A closeup of a gunmetal blue doorframe grounds the figure of a pallid hand. Posed as if gripping an invisible pistol, the hand knocks with the lone anchor knuckle of its trigger finger. The door opens and the hand turns to receive a neatly wrapped sandwich. These are the opening frames of OUTSIDE SATAN, the sixth feature film by acclaimed director Bruno Dumont. His transcendental oeuvre has earned him several Grand Prix from Cannes and the FIPRESCI Prize at Toronto International. Paul Schrader’s 1972 book, TRANSCENDENTAL STYLE IN FILM: OZU, BRESSON, DREYER, explores what is here meant by transcendental, and it enshrines the auteurs whose names are most often referenced in discussions of Dumont’s work.

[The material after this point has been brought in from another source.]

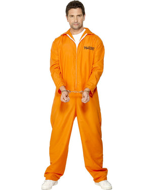 Break free in this classic Escaped Prisoner Mens Costume. A comfortable orange jumpsuit bound to draw attention. Jumpsuit features a white zipper in the front and printed in black on the chest is your prisoner number and around the back is 'EASY JAIL' printed in black. People will be wondering what you were in for so make sure to have something thought up. Perfect for Halloween or your next themed party.

"Coincidentia Oppositorum – THE MYTHICAL PATTERN" is a notable text in the Comparative Religion corpus. Its author, Mircea Eliade, there asserts, "Yahweh is both kind and wrathful; the God of the Christian mystics and theologians is terrible and gentle at once." In HORS SATAN, we see many closeups of the hands of such a secular messiah. Seemingly capable of both the miraculous and the maligned, Dumont’s gaunt protagonist wanders the film as an outcast. The stuff of life and death seem to be borne on his breath. Dumont’s steady CinemaScope lens frames the vast, elemental landscapes of rural North-West France behind the rambling vagabond. Dunes and marshes, wild grass and ragweed, sunrise and sunshower, each is an expression of sovereignty, borrowed and lent.

In 2011, after considering THE TURIN HORSE by Dumont’s fellow “Slow Cinema” compatriot, Béla Tarr, I wrote, “The brilliance of a crushing bleakness is: when all lamps have been extinguished, one is left to their own light.” This is true of OUTSIDE SATAN, but the point of darkness varies across the texts. Where Tarr paints with an existentially and stylistically bleak brush, Dumont operates in a kind of ethical darkness, examining naturalistic surfaces with a wide-eyed, investigative patience.

James Quandt, Artforum critic and Senior Programmer of Cinematheque Ontario, was perhaps hasty in including Dumont in the so-called “New French Extremity.” OUTSIDE SATAN elegantly resists being characterized by its transgressions and its redemptions in equal measure.